Examples of structural changes:

• Lactic acid: a $\beta$-hydroxycarboxylic acid, derived from reduction of the keto group in pyruvate:
• Pyruvate: $\text{CH}_3\text{–CO–COO}^-$
• Lactate: $\text{CH}_3\text{–CH(OH)–COO}^-$
• Ethanol: a primary alcohol, derived from reduction of acetaldehyde, which itself is formed by decarboxylation of pyruvate.

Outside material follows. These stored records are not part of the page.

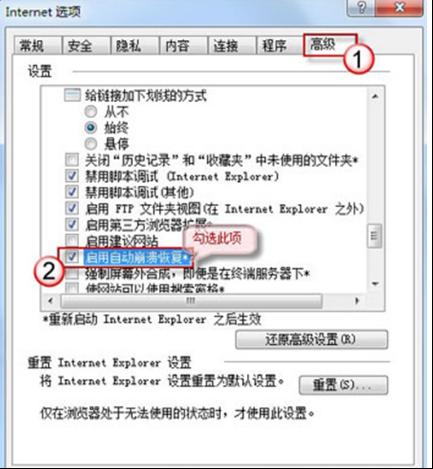 通過在工具欄的高級選項中,勾選自動崩潰恢復(fù)選項后,重啟瀏覽器就可以輕松恢復(fù)IE崩潰時被意外關(guān)閉的網(wǎng)頁了。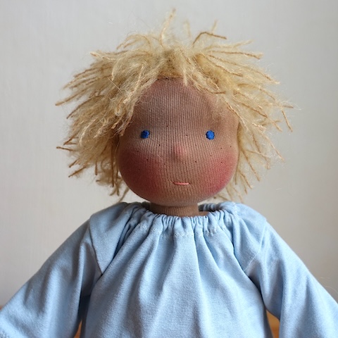 Nach der Nase sind die Haare meiner Erfahrung nach der zweithäufigste Grund für Puppenreparaturen. Je nach Spiel- und Kuschelintensität können sie mit der Zeit dünn werden, verfilzen und ausfallen. Das ist ganz normal bei textilen Materialien und kein Zeichen von mangelhafter Anfertigung oder unpfleglichem Umgang. Im Gegenteil: Meine 20-jährige Expertise hat mich gelehrt, dass man es Puppen eben ansieht, wenn sie bespielt und geliebt werden, und das ist vollkommen in Ordnung. Die gute Nachricht: Was von Hand erschaffen wurde, kann auch von Hand repariert werden.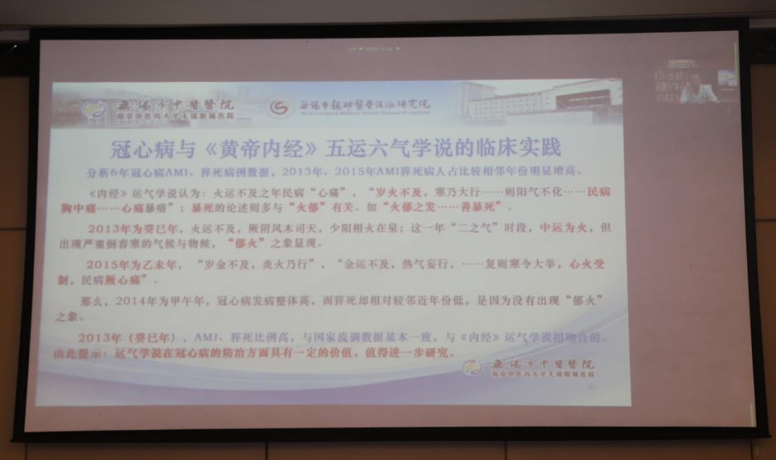 江苏省无锡市中医医院陆曙作《经方及运气方药防治冠心病的临床应用》专题讲座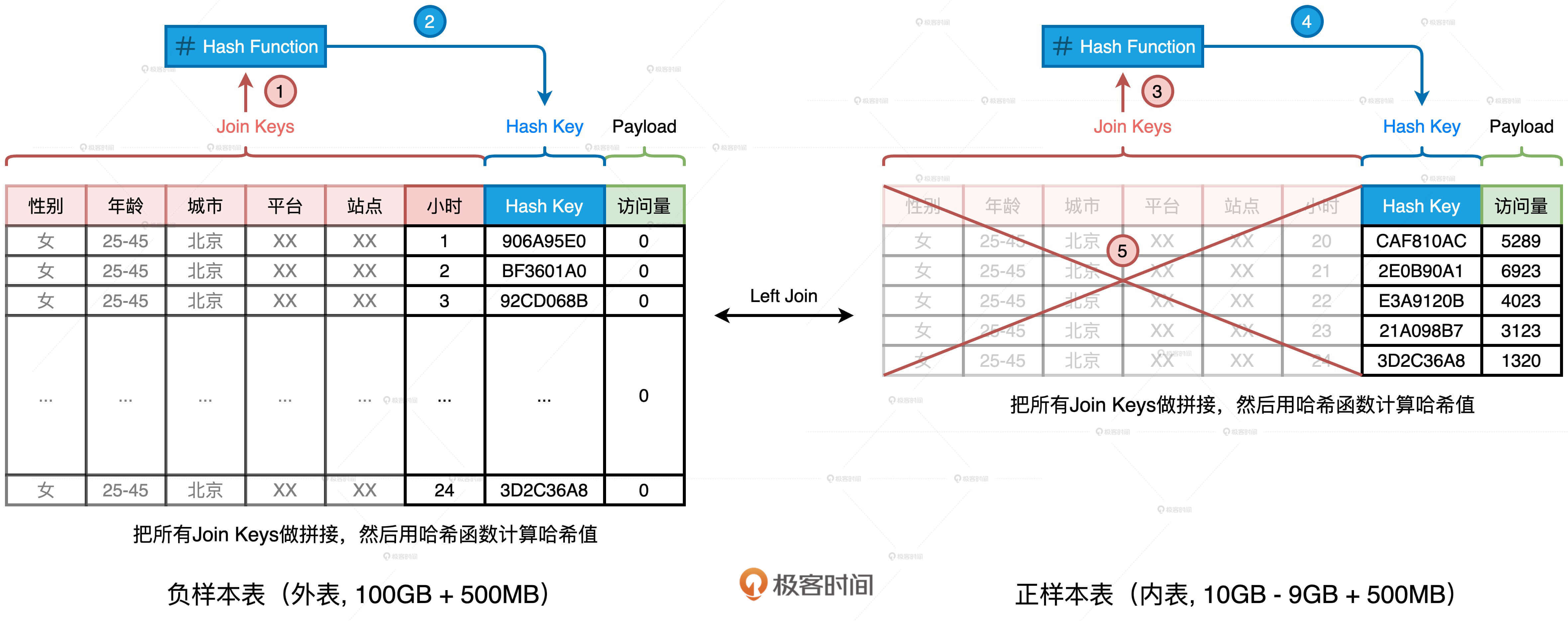 - 把所有Join Keys拼接在一起,把性别、年龄、一直到小时拼接成一个字符串,如图中步骤1、3所示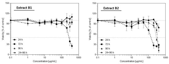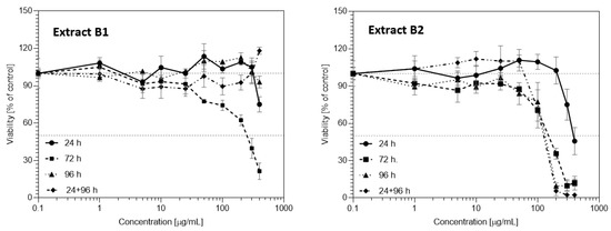 The most prominent difference in the cytotoxic properties of both extracts was demonstrated for colon cancer cells, HCT-116 (Figure 7). While the B1 extract had no inhibitory effect in all incubation times and concentration ranges, the B2 extract strongly inhibited cell proliferation to about 45% starting from 24 h of incubation. What is more, the B1 extract exhibited proliferation stimulatory properties towards HCT-116, starting from 50 µg/mL after 24 h and 72 h of incubation. Even though after 72 h and 96 h the B2 extract also slightly stimulated HC-116 cells proliferation in concentrations from 50–200 µg/mL, prolonged incubation resulted in cells viability decrease. What is worth noting is the fact that washing out a media with the extract B2 after 24 h of initial incubation and replacing it with a fresh media without extract, followed by 96 h of incubation, resulted in similar activity as constant incubation with the extract for 96 h. This indicates that the cytotoxic effect of the extracts starts within the first 24 h of incubation and a longer incubation only potentiates this effect. Further studies need to be conducted to explain this phenomenon as it may be related to the metabolic transformation of the extract in the cells and the induction/inhibition of membrane transport proteins.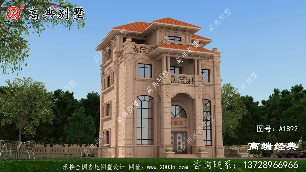 近两年来很受欢迎的欧式石材三层别墅风格,简洁大气,带有传统国外的韵味,低调中透着奢华。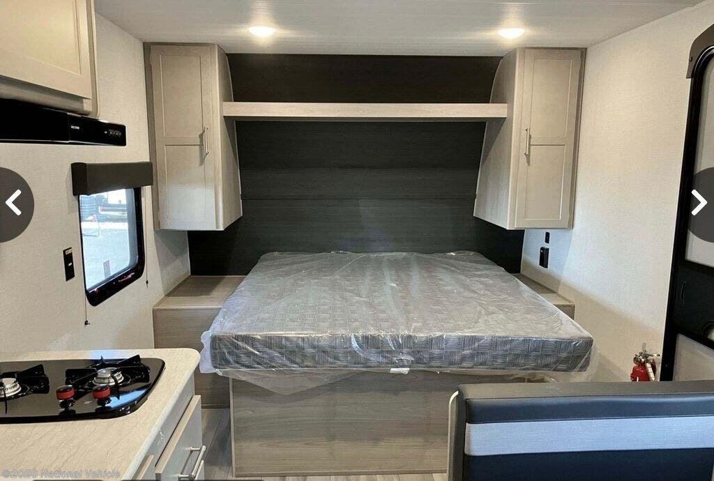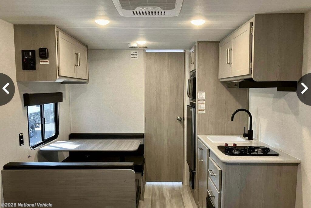 Step inside to a beautifully designed interior featuring hardwood cabinet doors, modern LED lighting, and a welcoming layout that feels far more spacious than expected. The front queen bed offers a relaxing private sleeping area, while the booth dinette provides the perfect space for dining, working, or converting into extra sleeping accommodations.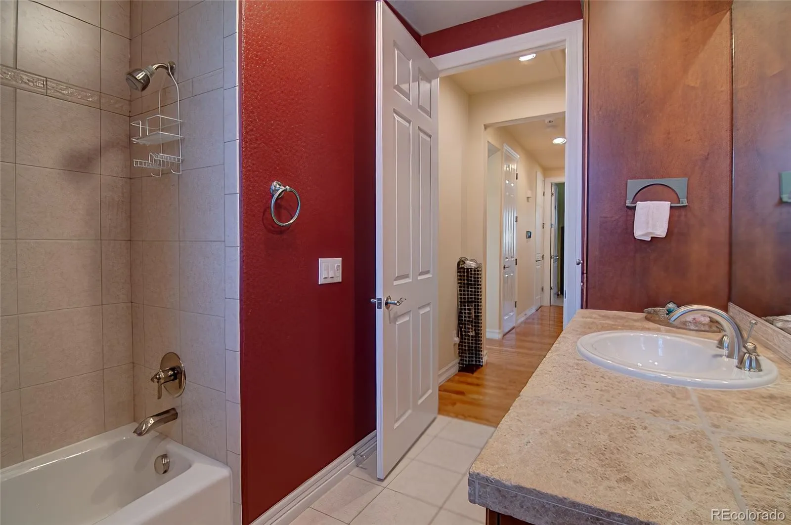 The gourmet kitchen is a chef’s dream, featuring upgraded cherry cabinetry, elegant granite countertops, a spacious granite island with a serving bar, and sleek stainless-steel appliances. Beautiful hardwood floors flow seamlessly through the great room, kitchen, and hallways, creating a warm, inviting atmosphere. The main hall bathroom provides elegance and roomy cabinetry for your ease.

These structural modifications correspond directly to redox changes: reduction of carbonyl groups to alcohols, or rearrangements that allow proton and electron transfers while maintaining overall charge and redox balance.

Summary

Fermentation is a central form of dissimilation in biological systems under anaerobic conditions. Its key features are:

• Internal redox balance using organic molecules as both electron donors and acceptors.
• Substrate-level phosphorylation as the only direct source of ATP.
• Formation of characteristic end products (e.g., lactate, ethanol, organic acids and alcohols) that still contain significant chemical energy.
• Wide occurrence in microorganisms, animal tissues, and natural and engineered ecosystems.
• Crucial practical importance in food technology, biotechnology, and energy production.

Understanding fermentation at the chemical level involves tracking:

• The oxidation state of carbon atoms in substrates and products.
• The flow of electrons through coenzymes such as NAD⁺/NADH.
• The coupling between exergonic redox reactions and ATP formation via substrate-level phosphorylation.